分子シャペロンの脂質二分子膜への階層的固定化による蛋白質修復システムの構築

脂质双层膜上分子伴侣分级固定化构建蛋白质修复系统

基本信息

批准号：
12780439
负责人：
田中直毅
金额：
$ 1.54万
依托单位：
Kyoto Institute of Technology
依托单位国家：
日本
项目类别：
Grant-in-Aid for Encouragement of Young Scientists (A)
财政年份：
2000
资助国家：
日本
起止时间：
2000 至 2001
项目状态：
已结题

项目摘要

細胞内における蛋白質の生合成においてDnaJ, DnaK, GroELなどの分子シャペロンは協同的に作用して蛋白質の立体構造形成の補助、立体構造の修復を行う。これを模倣すれば凝集した蛋白質を立体構造を修復し、機能を再生することができる。この目的のため、脂質二重膜を表面にDnaJ, DnaK, GroELを固定化したデバイスを構築したが、タンパク質修復機能を充分得ることは出来なかった。これは分子シャペロンが協同的に作用しなかった為であり、より効率的な機構を構築するためにはシャペロン単独で機能するデバイスにする必要がある。そこで本研究ではDnaK単独での機能発現を目指す研究を行った。DnaKはN末端のATPase部位とC末端の基質結合部位からなり、前者の活性により後者が構造変化して基質を脱着する。DnaKのシャペロン活性発現にはATP加水分解で得たエネルギーを用いた基質結合部位の運動が不可欠とされてきた。しかし同様の機構で働く分子シャペロンGroELでは基質結合部位断片単独でも活性を有することが知られている。そこでDnaKからATPase部位を除いた基質結合部位断片DnaK384-638のルシフェラーゼとβGalactosidaseの構造形成に対する効果を調べたDnaK基質結合部位の遺伝子を大腸菌からクローニングし蛋白質発現用ベクターに組み込み大量発現してフラグメントを作成した。基質結合部位断片の存在下でルシフェラーゼとβGalactosidaseのリフォールディングの収率が改善した。また基質結合部位断片はこれらの蛋白質の凝集を抑制することを散乱測定によって確認するとともに、蛍光標識したDnaK384-638を用いて断片が構造形成中間体と相互作用することも確認した。DnaKのシャペロン活性発現には基質認識部位のclose型とopen型の間の連続的な構造転移が必要であるが、ATPase活性のない基質結合部位断片単独でも熱揺らぎによってこの転移が生じている。そのため断片単独でも、低速度の構造形成に対してはシャペロン活性を示すと考えられる。これにより今後DnaKの基質結合部位フラグメントを脂質二重膜を表面に導入することで本研究の目的のデバイスを構築できると考えられる。
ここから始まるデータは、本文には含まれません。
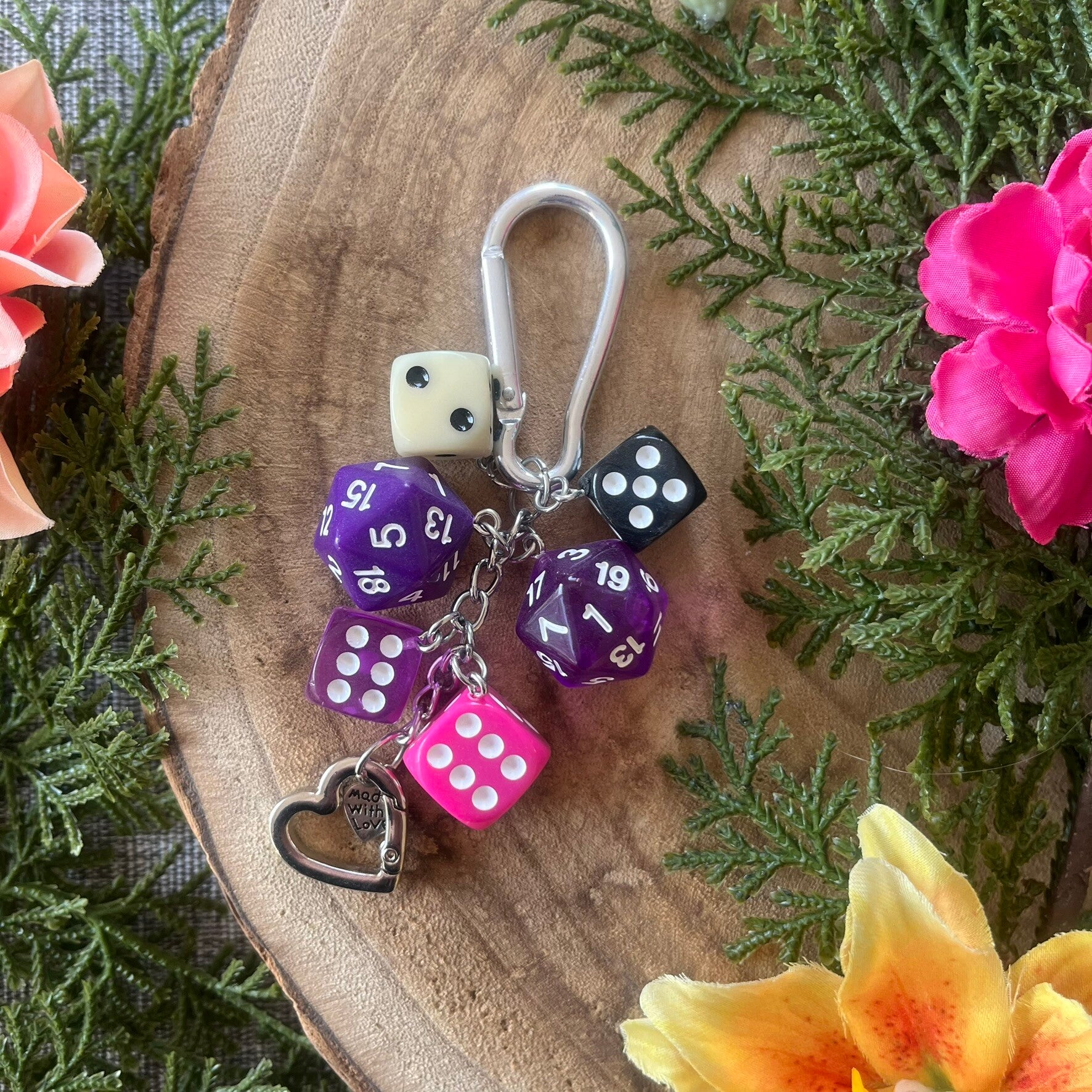 Deze speelse sleutelhanger met decoratieve dobbelstenen is een must-have voor elke bordspelfan. Niet bedoeld om echt mee te dobbelen, maar wél een leuke knipoog naar jouw favoriete hobby. Leuk voor jezelf of als cadeautje!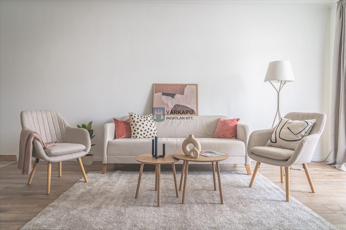 A bútorok, szaniterek, csapok szintén újak, valamint a felújítás során minőségi meleg burkolat került a nappaliba. a lakásban klíma is kiépítésre került.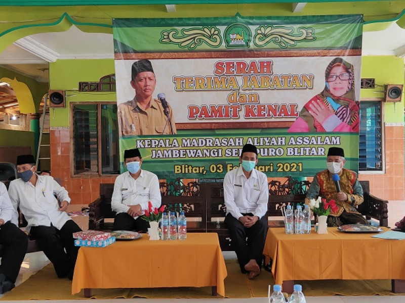 Blitar – Pada Rabu, 03 Februari 2021 diadakan acara serah terima jabatan dan pamit kenal Kepala Madrasah Aliyah (MA) Assalam Jambewangi Selopuro Blitar, dari Kepala Madrasah lama Bapak Srini, M.Pd., S.Pd. ke Kepala Madrasah baru Ibu Dra. Mubarokah yang beralokasi di Masjid Assalam Jambewangi...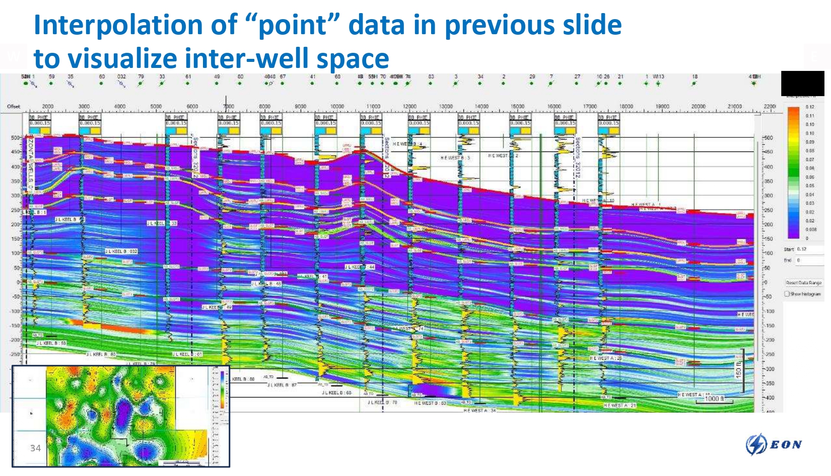 W E Interpolation of “point” data in previous slide to visualize inter - well space 34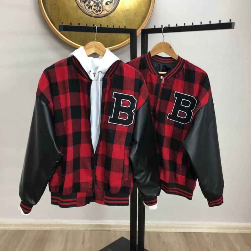 Erkek Pötikare Desen Nakışlı Kolej Ceket - Kırmızı
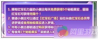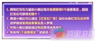 1.拥有红宝石力量的小奥比每天免费获得5个迷香果实,超级红宝石可以获得无限个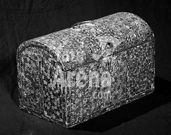 orz226260 COFRE DEL SIGLO XV CON OBJETOS PERTENECIENTES A LOS REYES CATOLICOS - FOTOGRAFIA EN BLANCO Y NEGRO - AÑOS 60. Location: CATEDRAL-CAPILLA REAL-INTERIOR. GRANADA. SPAIN.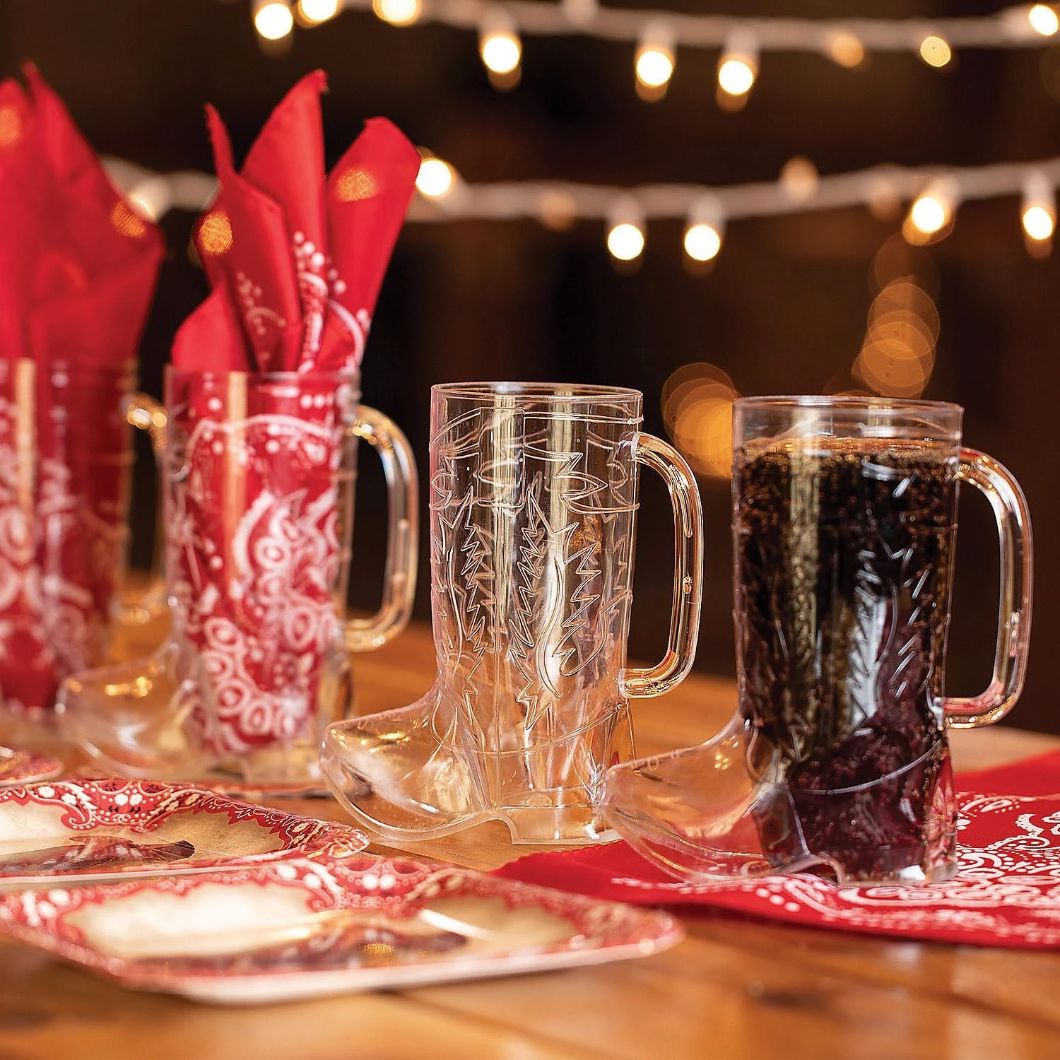Cowboy Boot Cups - (Pack of 12) 17oz Drink Mugs, Reusable Plastic Rodeo Party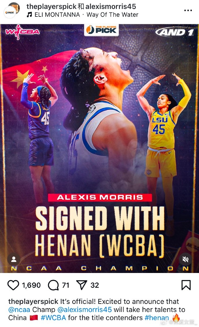 昨天深夜,據(jù)經(jīng)紀(jì)公司ThePlayersPick消息,原路易斯安那州立大學(xué)女籃后衛(wèi)艾里克西斯-莫里斯簽約河南女籃。艾里克西斯身高1米75,今年25歲,曾隨路易斯安那州立大學(xué)女籃奪得2023年NCAA全國冠軍。2023年WNBA選秀總第22順位被康涅狄格太陽隊選中。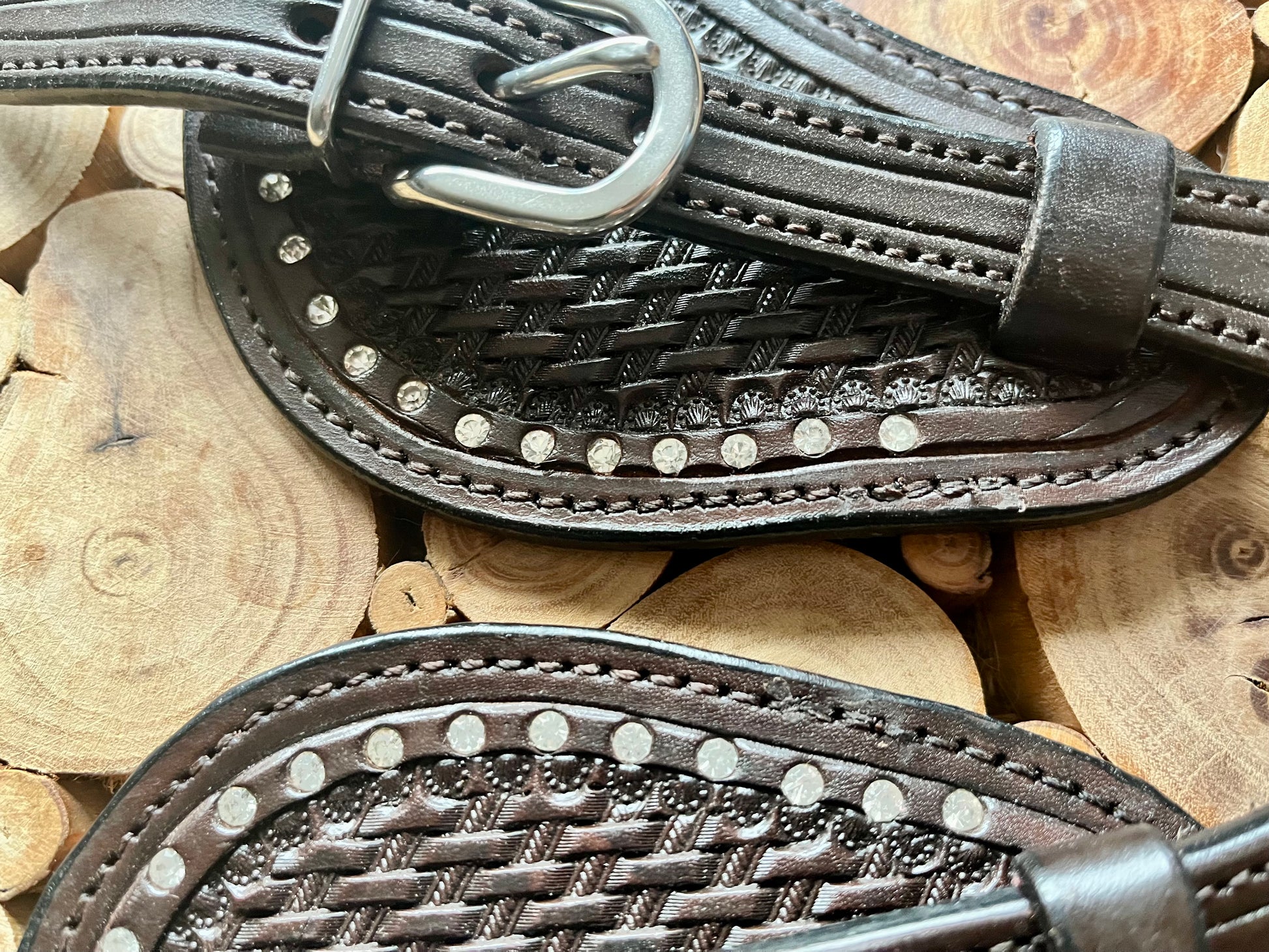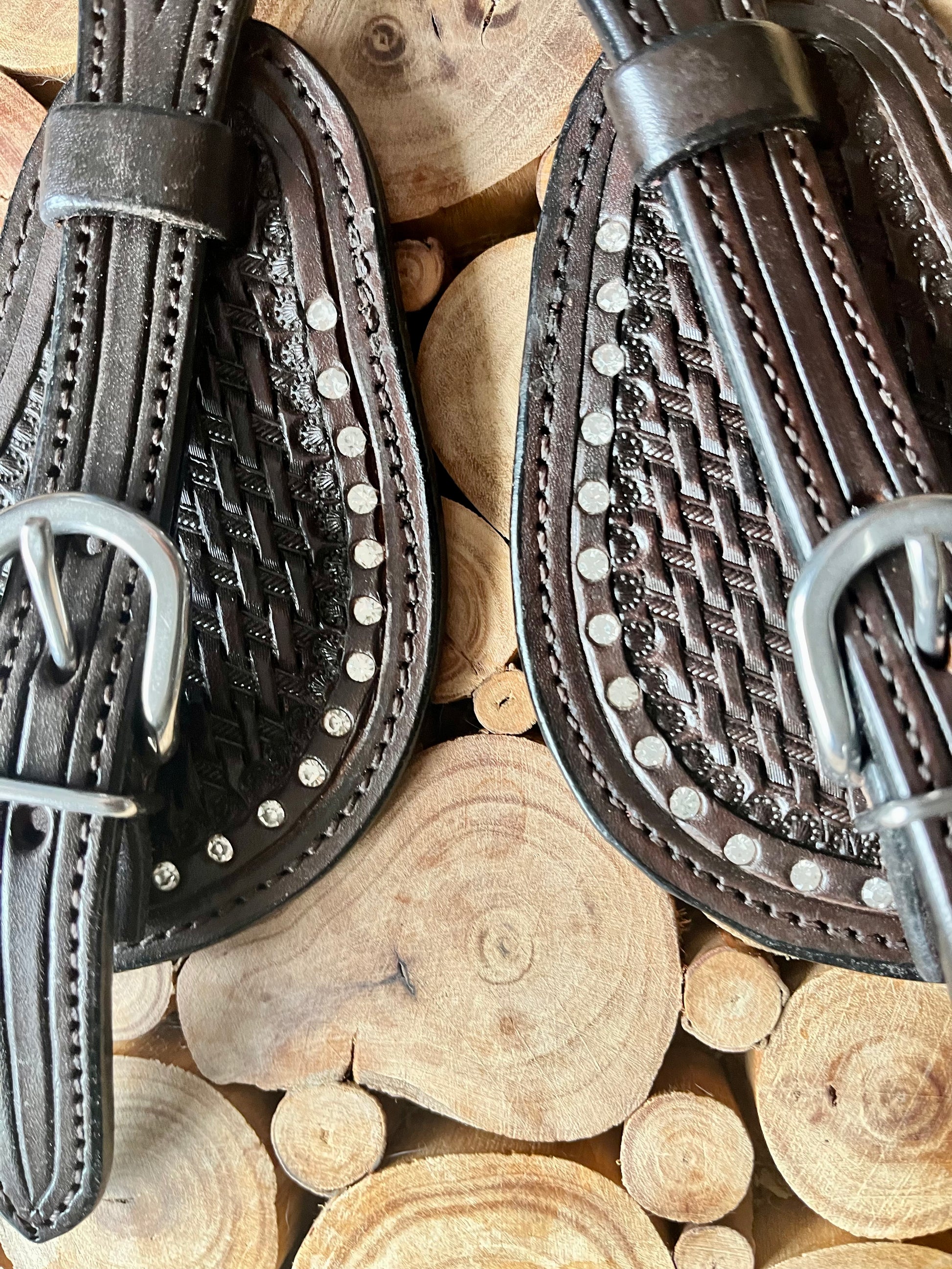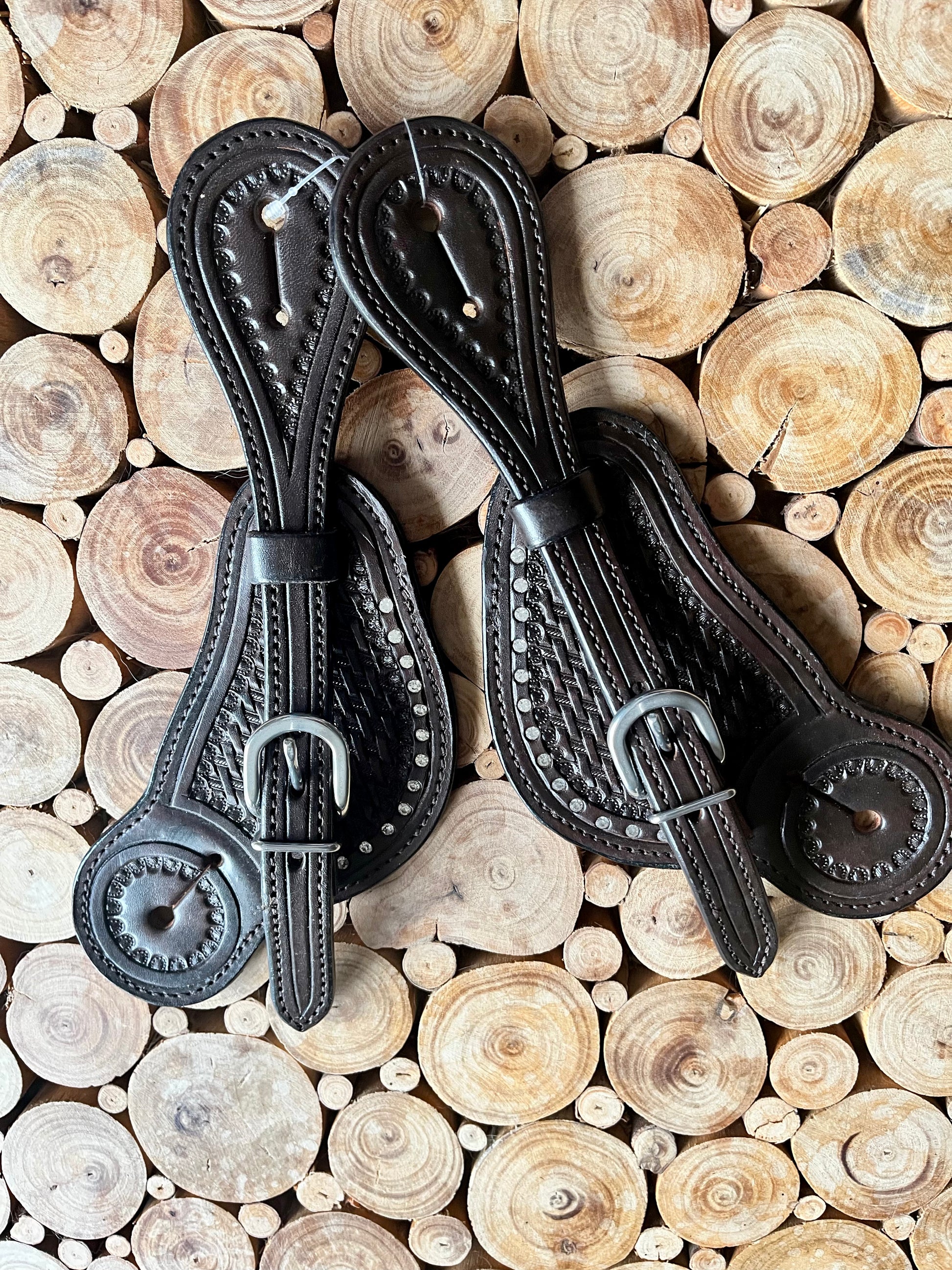 Ajoutez une touche de style à votre équipement avec ces lanières d’éperons en cuir dark oil, spécialement conçues pour allier élégance, solidité et confort. Fabriquées en cuir de haute qualité, elles présentent une finition sombre et riche très appréciée en équitation western. Les strass subtilement incrustés apportent une brillance raffinée qui sublime chaque tenue, que ce soit pour l’entraînement, les shows ou les sorties quotidiennes.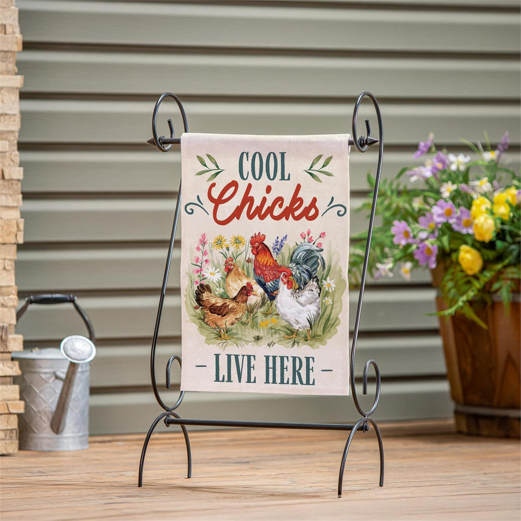 Add a touch of whimsy to your garden with the Petal & Plow Cool Chicks Burlap Garden Flag. Measuring 18 inches by 12.5 inches, this charming flag features vibrant illustrations of chickens surrounded by florals, making it a perfect seasonal decoration. Made from durable burlap, it provides a rustic touch while withstanding the elements. The playful design and message make it an ideal accessory for welcoming guests or enhancing your outdoor space. Easy to display, it fits standard garden flag poles, adding a fun, farmhouse vibe to your garden or patio.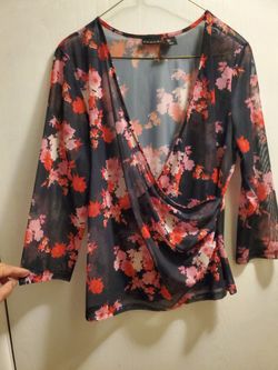 Tahari Floral Sheer Mesh Faux Wrap Long Sleeve Blouse Large$10Montclair, CA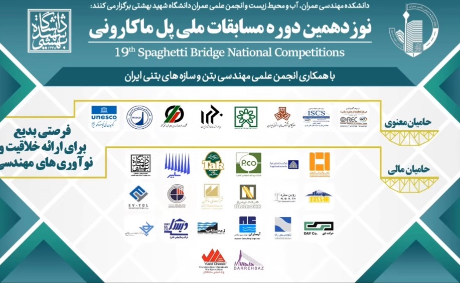 نوزدهمین دوره «مسابقات ملی پل ماکارونی» ۱۳ و ۱۴ مهـرمـاه سال ۱۴۰۳ در پردیس فنی و مهندسی شهید عبـاسپـور دانشگاه شهید بهشتی برگزارشد.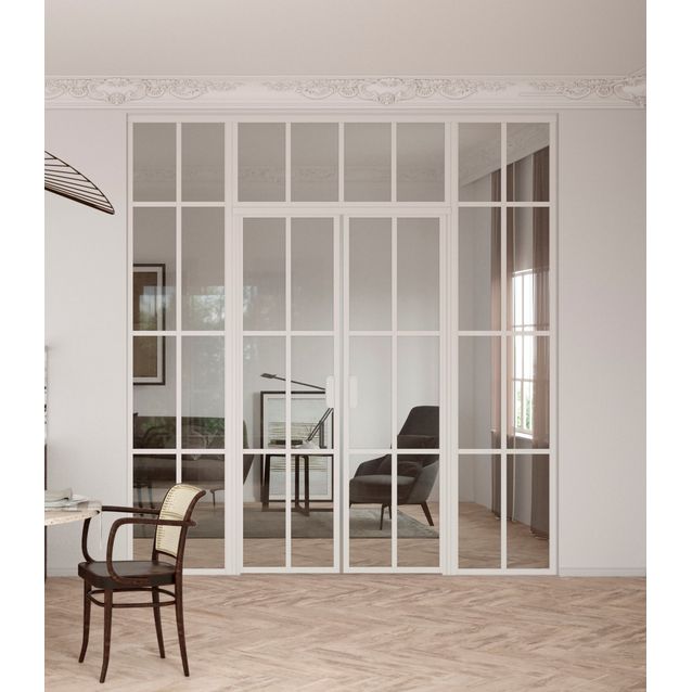 Hietakarin Bläk 729 Paris -lasiseinä pariovella ja yläikkunalla on teollisuushenkiseen tyyliin muotoiltu moderni tilanjakaja särmikkäillä ruuduilla ja valkoisilla profiileilla. Laadukkaan oven mekaanisilla osilla ja turvalasin karkaisulla on 10 vuoden takuu. Oven kehykset ja koristelistat ovat polttomaalattua alumiinia ja lasi 6 mm vahvuista karkaistua turvalasia.Lasiseinä koostuu kahdesta kiinteästä lasista, joihin on saranoitu kääntyvät ovet, sekä yläikkunasta. Ovet aukeavat ulospäin 90 astetta, ja ne varustetaan säädettävällä keskityksellä. Keskitys pyrkii palauttamaan ovet takaisin auki ja kiinni -asentoihin. Ylös asennettava peitelista estää oven aukeamisen molempiin suuntiin. Seinä asennetaan valmiisiin pintoihin mukana tulevilla kiinnityslistoilla.Mittatilaustuote: Tuote valmistetaan mittojen mukaan, joten sillä ei ole vaihto- eikä palautusoikeutta.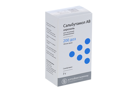 Главная » Аптека Сальбутамол АВ 100 мкг/доза, 200 доз, аэрозоль для ингаляций дозированный Просмотров 5 Алтайвитамины ЗАО

在细胞内蛋白质生物合成中，DnaJ、DnaK、GroEL等分子伴侣协同作用，协助蛋白质三维结构的形成和三维结构的修复。通过模仿这一点，可以恢复聚集蛋白质的三维结构并恢复其功能。为此，我们构建了一种将DnaJ、DnaK和GroEL固定在脂质双层膜表面的装置，但我们无法获得足够的蛋白质修复功能。这是因为分子伴侣不能协同工作，为了构建更有效的机制，有必要创建一种仅与伴侣一起发挥作用的装置。因此，在本研究中，我们的目的是单独表达DnaK的功能。 DnaK 由 N 端的 ATP 酶位点和 C 端的底物结合位点组成，前者的活性导致后者发生结构变化并解吸底物。据信，利用 ATP 水解获得的能量移动底物结合位点对于 DnaK 伴侣活性的表达至关重要。然而，已知分子伴侣 GroEL 的工作原理与此类似，即使仅使用底物结合位点片段也具有活性。因此，我们研究了从DnaK中去除ATP酶位点得到的底物结合位点片段DnaK384-638对荧光素酶和β半乳糖苷酶结构形成的影响。DnaK底物结合位点的基因是从埃希氏菌中克隆的大肠杆菌，插入蛋白质表达载体，并大量表达以产生片段。在底物结合位点片段存在的情况下，荧光素酶和β半乳糖苷酶的重折叠产量得到提高。此外，我们通过散射测量证实底物结合位点片段抑制了这些蛋白质的聚集，并且还使用荧光标记的 DnaK384-638 证实了这些片段与结构形成中间体相互作用。 DnaK 伴侣活性的表达需要底物识别位点的闭合形式和开放形式之间的连续结构转变，并且即使对于由于热波动而没有 ATPase 活性的单个底物结合位点片段也会发生这种转变。因此，即使是单独的片段也被认为表现出缓慢结构形成的伴侣活性。这表明，通过将DnaK的底物结合位点片段引入到脂质双层膜的表面上，将有可能构建本研究的目标装置。